No doubt this is the naked truth. There are, unfortunately, a great many scoundrels and ruffians in New York who have an ardent admiration for a fellow scoundrel and ruffian. It is unnecessary that a New York journal should explain that these vagabonds are not Americans. But that explanation is requisite for our stolid readers, whom we will presently tell who the wretches really were. An individual of the noble and generous American nation would as soon think of hugging a rattle-snake or a copper-head, as of taking to his bosom the venomous and vitriol-squirting Mitchell.
As Mr. Mitchell and his companions proceeded to their destination—which, notwithstanding the impulsive nature of American moral feeling, was not the nearest pump—he experienced various honours, which the waggish reporter of his triumph enumerates with whimsical exaggeration—particularising "roar of artillery," "dense mass of human beings," the carriages that bore them, being "followed by the throng," his way resembling "the march of a conqueror"—not by any means such a march as that of a man who is drummed out of his regiment. His friends, the funny journalist avers, "were almost ready to take him from the vehicle, and carry him upon their shoulders," and he was "surrounded by a large number of the citizen-soldiery and Nanchan's band." Among these troops were the "Irish Rifles," whose weapon, of course, is the vitriol squirt—the "Mitchell Guard," the "Meagher Grenadiers," with "Cabbage Garden," probably, emblazoned on their colours; and sundry other regiments and guards, which—it was superfluous to inform the New Yorkers—were ragged and—black.

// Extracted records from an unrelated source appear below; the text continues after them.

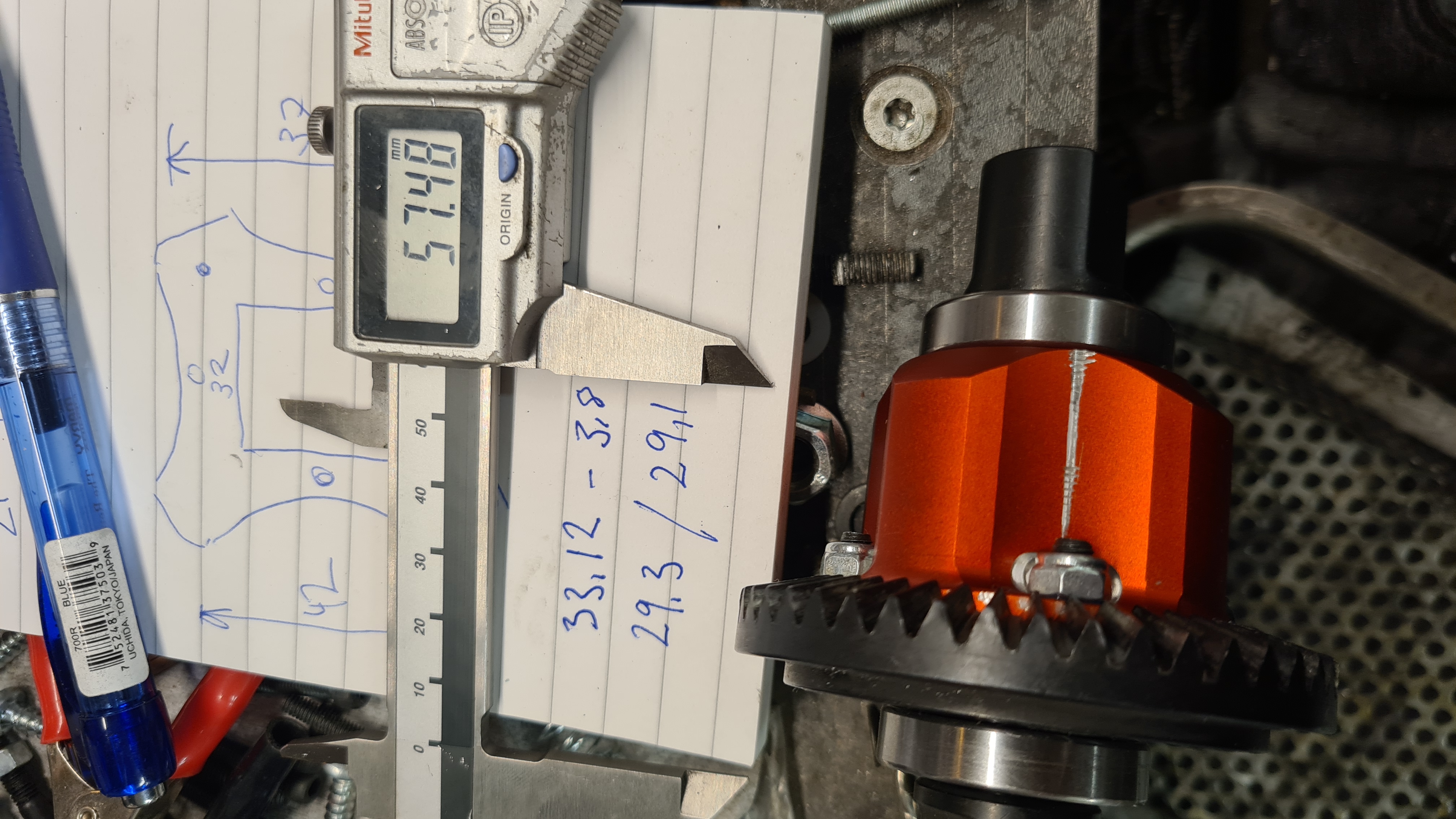 Shimsade diffen 0.55mm i sidled för att flytta den så nära piniongen som möjligt, och kunde även shimsa in piniongen 0.30mm för att få den precis på gränsen.
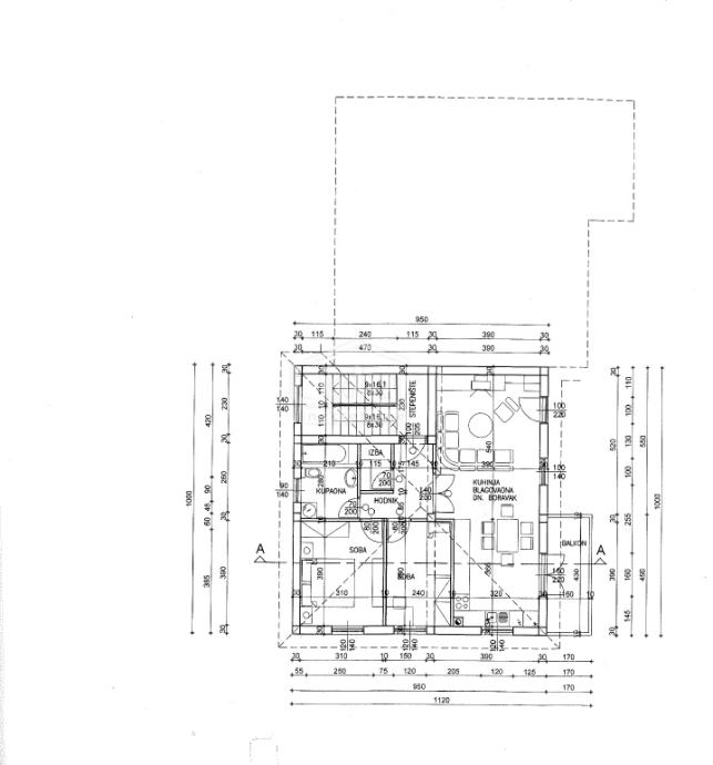 Stan se sastoji od ulaznog hodnika, dnevnog boravka s kuhinjom i blagovaonom, kupaone, izbe i dvije spavaće sobe.
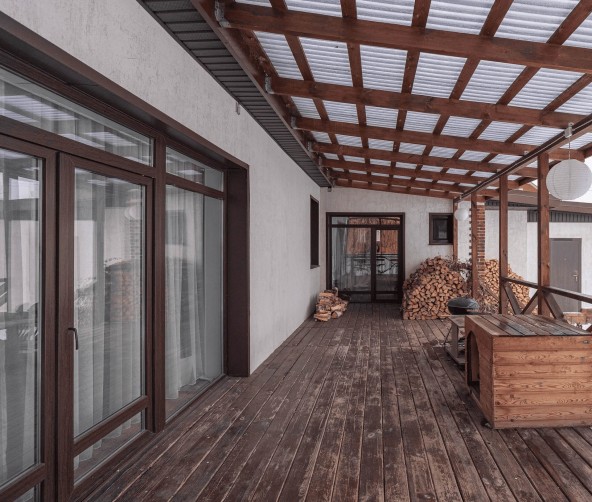 Многофункциональный одноэтажный дом с гаражом на 1 машиноместо, гардеробом, парной, мойкой, раздельным СУ и хозяйственным блоком.

Here lies the point of the whole joke. Misled by a parcel of Uncle-Tom-foolery, we are apt to regard the coloured population of the States as an oppressed race. They are, indeed, shunned and disliked; but that is entirely by reason of their incorrigible villainy. They won't work, but they will squat on an estate, and if compelled to clear off and make room for industrious whites, they shoot the owner of the property from behind a hedge. Rescued from starvation consequent on their unthrift and laziness, they turn and curse the benefactor who feeds them. Such were they who shouted welcome to Mitchell; and only think how secure a people must feel in their republican liberty to permit a mob of savages to indulge in such a demonstration! This base and brutal multitude did not contain one American citizen. Their bands are stated to have played Irish melodies, "Star Spangled Banner," "Yankee Doodle," and other national airs. No, no. The ragamuffins hated the stars as well as the stripes too much; and they no more played "Yankee Doodle" than Mitchell sang "Rule Britannia." Their music may have included Irish melodies; but their other national airs were limited to the class comprising "Lucy Neal" and "Ole Dan Tucker." They were an assemblage of odious, miserable, ugly, degraded brutes, connecting links between mankind and the monkey. There was not a single Anglo-Saxon in the whole lot. In short, they were all—Niggers.